» Given records:
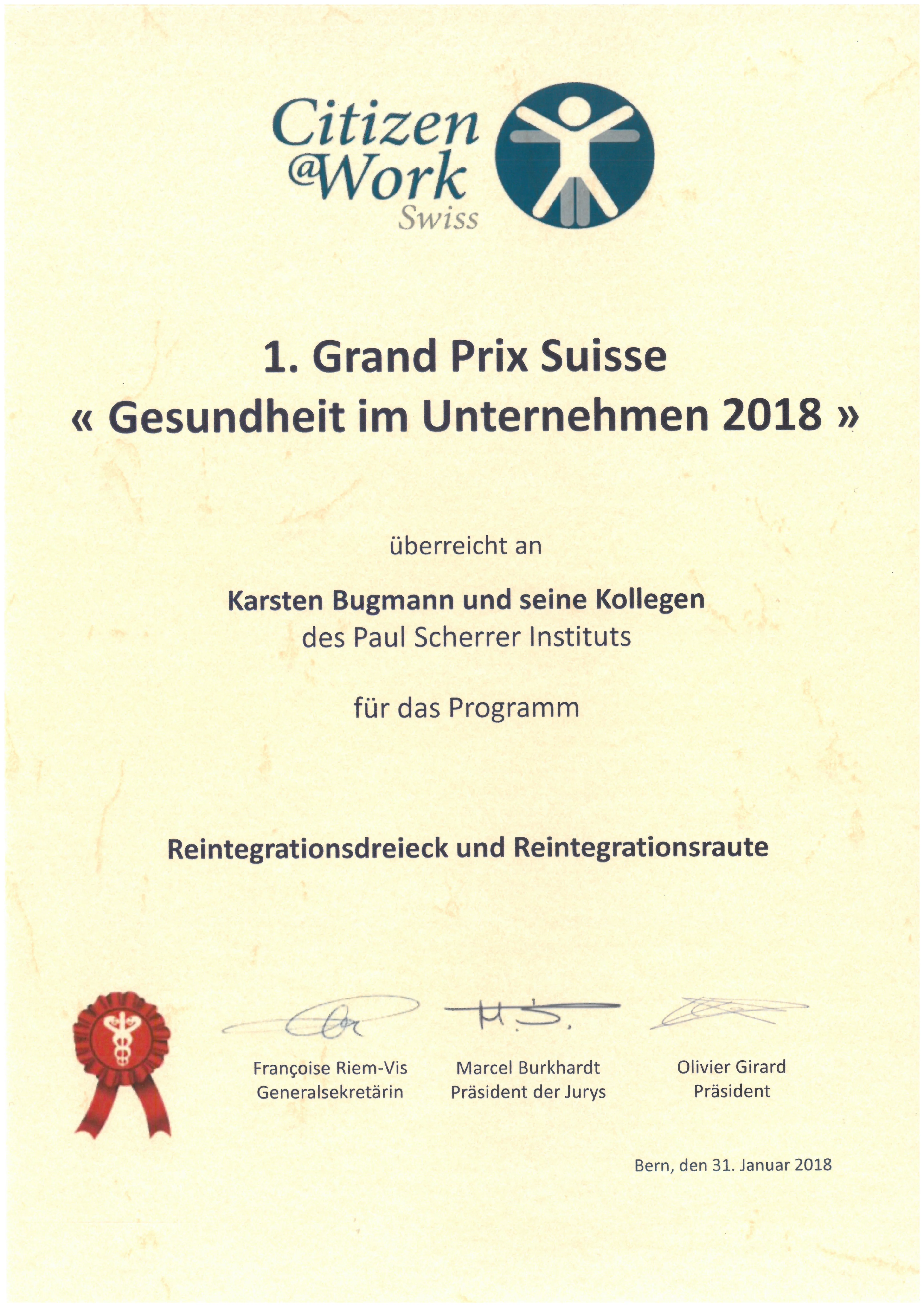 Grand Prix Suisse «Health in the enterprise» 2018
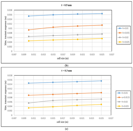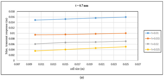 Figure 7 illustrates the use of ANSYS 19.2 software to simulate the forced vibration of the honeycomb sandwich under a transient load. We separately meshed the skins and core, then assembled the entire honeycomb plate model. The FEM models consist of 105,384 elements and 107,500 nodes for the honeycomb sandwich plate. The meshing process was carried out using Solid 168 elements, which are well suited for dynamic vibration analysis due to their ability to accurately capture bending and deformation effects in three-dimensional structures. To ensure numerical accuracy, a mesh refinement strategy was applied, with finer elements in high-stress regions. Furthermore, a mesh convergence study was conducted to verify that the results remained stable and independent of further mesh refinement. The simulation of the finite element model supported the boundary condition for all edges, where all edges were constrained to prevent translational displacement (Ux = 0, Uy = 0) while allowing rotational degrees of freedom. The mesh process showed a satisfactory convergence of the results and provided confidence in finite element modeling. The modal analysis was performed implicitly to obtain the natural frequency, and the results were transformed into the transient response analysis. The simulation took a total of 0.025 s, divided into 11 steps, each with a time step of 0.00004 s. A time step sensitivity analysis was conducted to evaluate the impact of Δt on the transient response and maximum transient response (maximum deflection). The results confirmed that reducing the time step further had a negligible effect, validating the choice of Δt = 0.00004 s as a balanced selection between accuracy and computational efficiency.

* * *

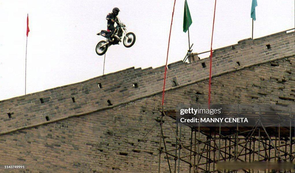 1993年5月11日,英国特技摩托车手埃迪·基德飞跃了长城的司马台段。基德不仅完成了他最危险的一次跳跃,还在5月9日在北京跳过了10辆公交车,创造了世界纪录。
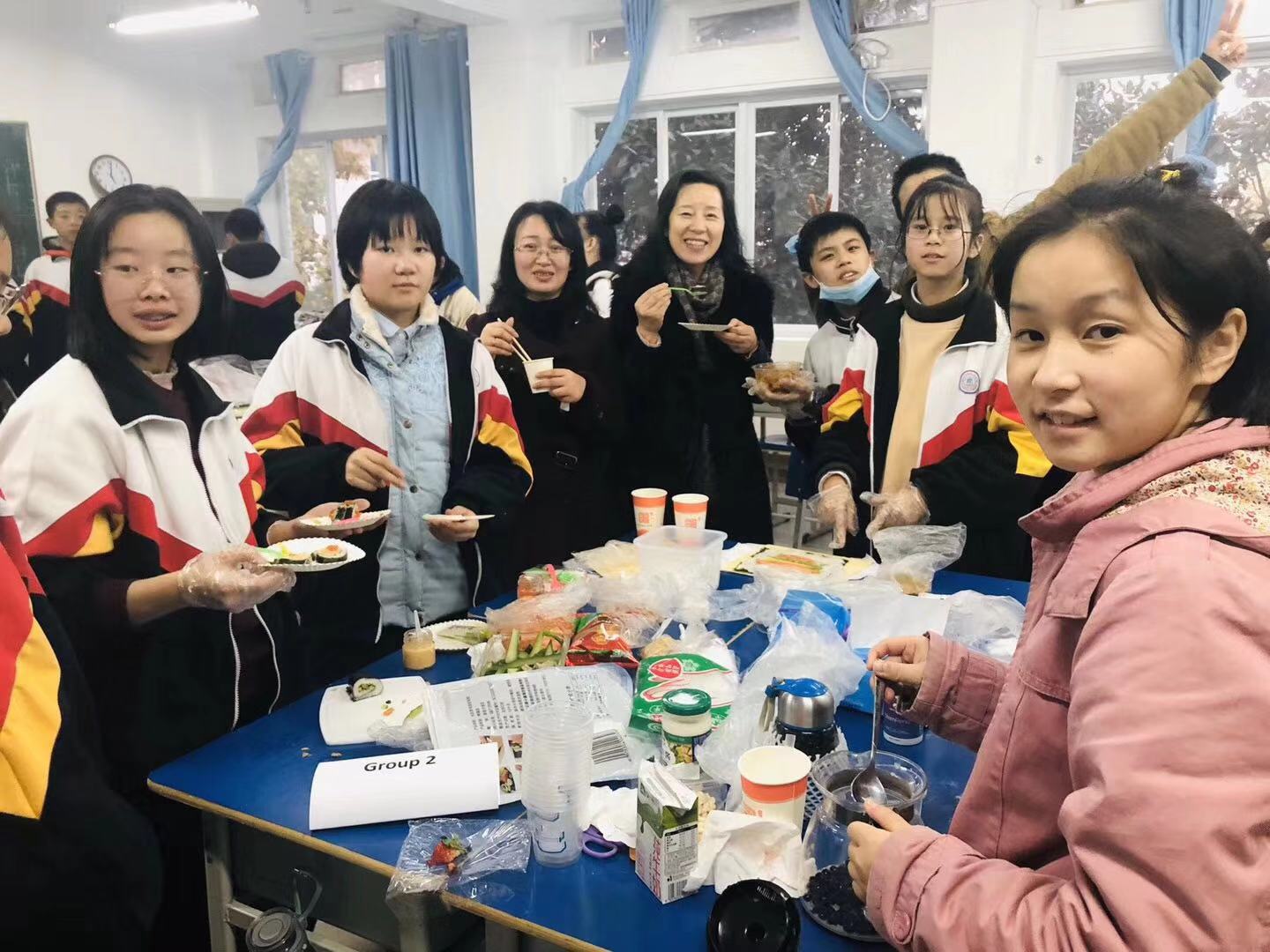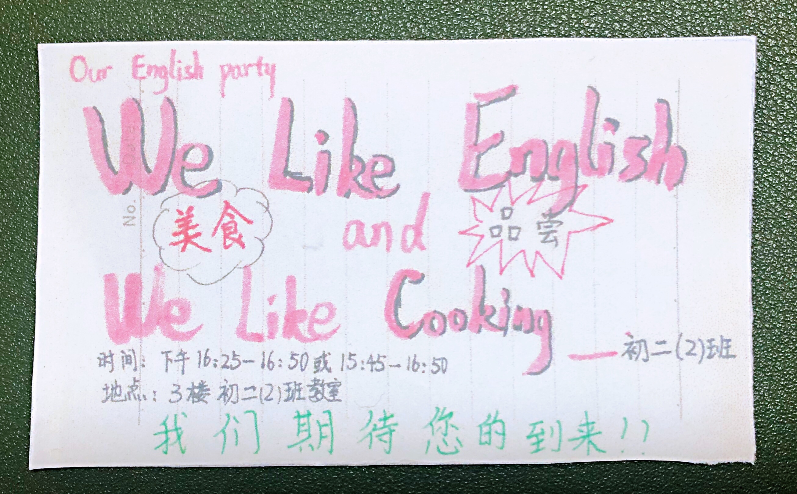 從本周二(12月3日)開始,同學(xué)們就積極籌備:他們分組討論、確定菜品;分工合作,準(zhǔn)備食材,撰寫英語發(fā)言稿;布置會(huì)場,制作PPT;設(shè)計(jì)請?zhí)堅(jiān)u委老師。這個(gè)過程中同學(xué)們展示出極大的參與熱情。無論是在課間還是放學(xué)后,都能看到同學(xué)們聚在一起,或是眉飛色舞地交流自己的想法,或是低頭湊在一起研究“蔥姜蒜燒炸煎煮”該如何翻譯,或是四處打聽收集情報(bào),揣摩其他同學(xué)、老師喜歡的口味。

...

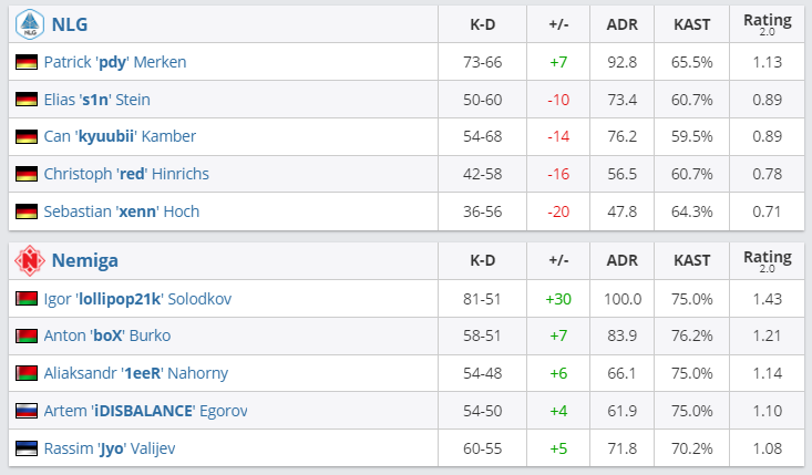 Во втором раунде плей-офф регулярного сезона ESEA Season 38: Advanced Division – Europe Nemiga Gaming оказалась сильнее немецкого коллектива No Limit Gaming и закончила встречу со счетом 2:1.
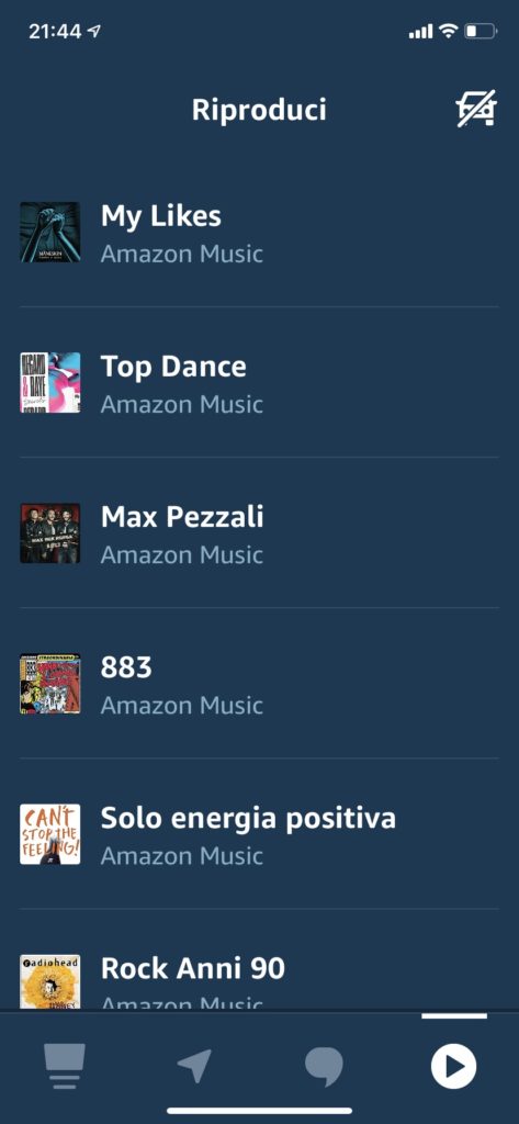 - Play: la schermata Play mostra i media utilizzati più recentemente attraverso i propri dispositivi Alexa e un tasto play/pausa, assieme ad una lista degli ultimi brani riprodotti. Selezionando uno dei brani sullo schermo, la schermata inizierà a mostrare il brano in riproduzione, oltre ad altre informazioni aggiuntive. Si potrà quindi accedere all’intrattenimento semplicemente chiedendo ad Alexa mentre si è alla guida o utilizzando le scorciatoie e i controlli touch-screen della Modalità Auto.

» Exercise: Above are the records; restate exactly the lines from the one containing "1993年5月11日,英国特" through the one containing "從本周二(12月3日)開始,同學(xué", keeping pictures out.

» Exercise output:
 1993年5月11日,英国特技摩托车手埃迪·基德飞跃了长城的司马台段。基德不仅完成了他最危险的一次跳跃,还在5月9日在北京跳过了10辆公交车,创造了世界纪录。
 從本周二(12月3日)開始,同學(xué)們就積極籌備:他們分組討論、確定菜品;分工合作,準(zhǔn)備食材,撰寫英語發(fā)言稿;布置會(huì)場,制作PPT;設(shè)計(jì)請?zhí)堅(jiān)u委老師。這個(gè)過程中同學(xué)們展示出極大的參與熱情。無論是在課間還是放學(xué)后,都能看到同學(xué)們聚在一起,或是眉飛色舞地交流自己的想法,或是低頭湊在一起研究“蔥姜蒜燒炸煎煮”該如何翻譯,或是四處打聽收集情報(bào),揣摩其他同學(xué)、老師喜歡的口味。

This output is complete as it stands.